The KBW Regional Banking Index, which had fallen 2.7 percent on Monday, is now down almost 23.6 percent year-to-date. The First Republic Bank’s shares are off 97 percent since January.

The New York Times reported that the First Republic Bank failed despite it having received a dollars 30 billion from eleven of the nation’s largest banks in March. JPMorgan has said the dollars 30 billion will be repaid after the deal ends.

The takeover of the government and sale of the First Republic Bank came about 8 weeks after the government had taken control of SVB and Signature Bank. The failures of these 2 banks sent a shock wave through the industry and also raised fears that the other regional banks were at risk of somewhat similar runs on deposits.

Several banking experts said that the travails of the First Republic Bank were a delayed reaction to the banking uncertainty in March. Industry executives and investors are hopeful that no other middle-sized or large lenders are at risk of failure.

The chief executive of JPMorgan, Jamie Dimon, said on a conference call on Monday that this part of the crisis is over and for now, they should all take a deep breath.

Investors have welcomed the takeover by JPMorgan. Moreover, this sent the bank’s stock 3.5% higher on Monday. The stocks of Citizens Financial Group and PNC Financial Services, the 2 regional banks that lost out on the bid for the First Republic Bank, went down below 5%.

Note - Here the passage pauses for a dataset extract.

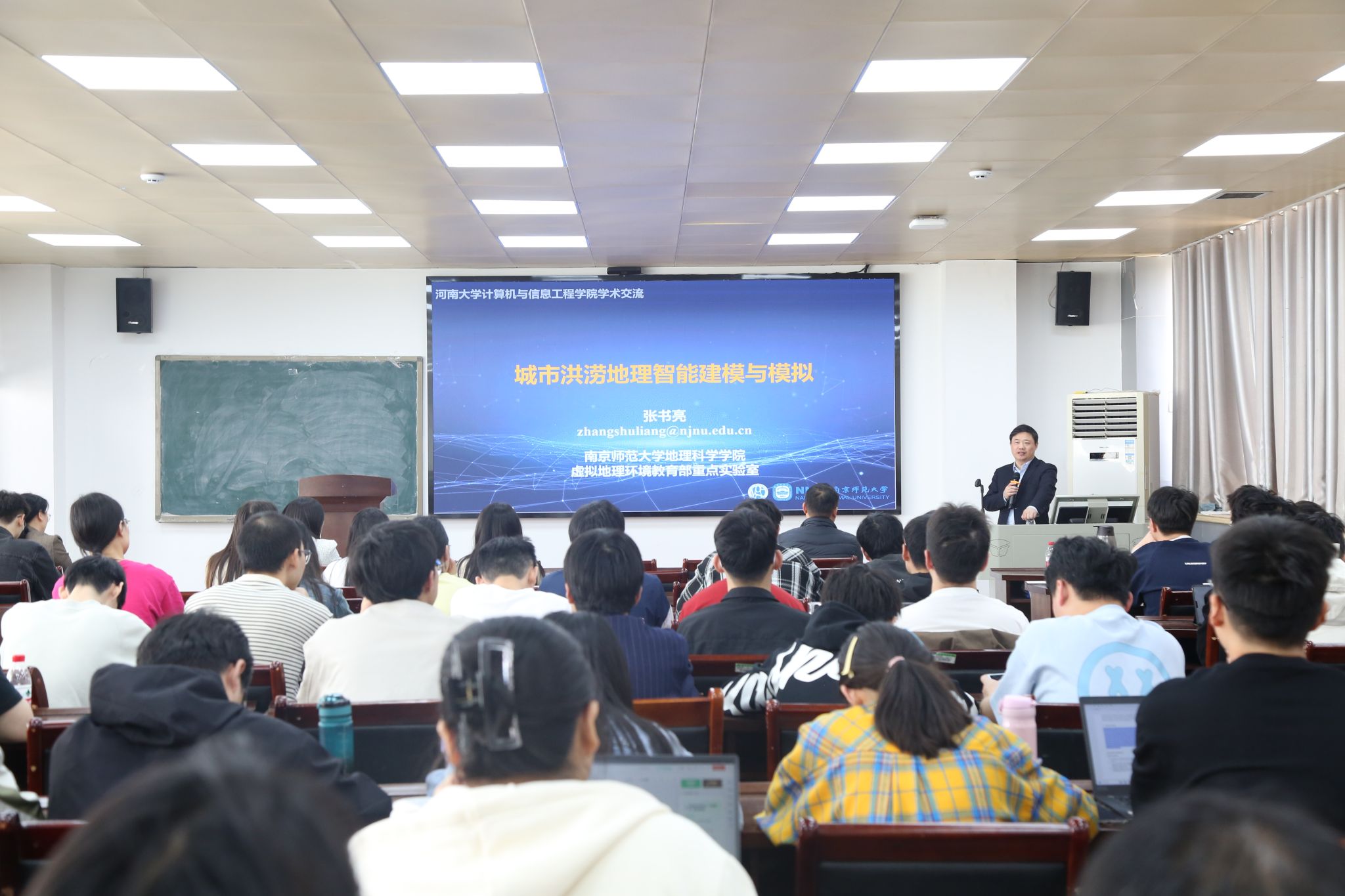 师生作主题为《城市洪涝地理智能建模与模拟》、《从地理信息系统到AI赋能的地理智能系统》学术报告,报告会由学院副院长左宪禹主持。报告会在学院603会议室举行,学院教师和研究生参加了本次报告会。

President Joe Biden welcomed the takeover. This he addressed during a speech on small business on Monday afternoon. He said these actions will ensure the banking system remains safe and sound, and it will protect the depositors.

The fast-growing banking confusion of Wall Street’s biggest institutions may be uncomfortable for the Biden administration.

However, the largest banks today are safer than they were in the past. Larger capital cushions designed to absorb financial losses support them. But, the big banks continue to enjoy a favorable treatment from the federal authorities and also manage to get larger.

About JPMorgan Chase

JPMorgan Chase & Co. is a world-famous multinational financial services company. Its headquarter is in New York City. It is the biggest bank in the USA and globally the biggest bank by market capitalization.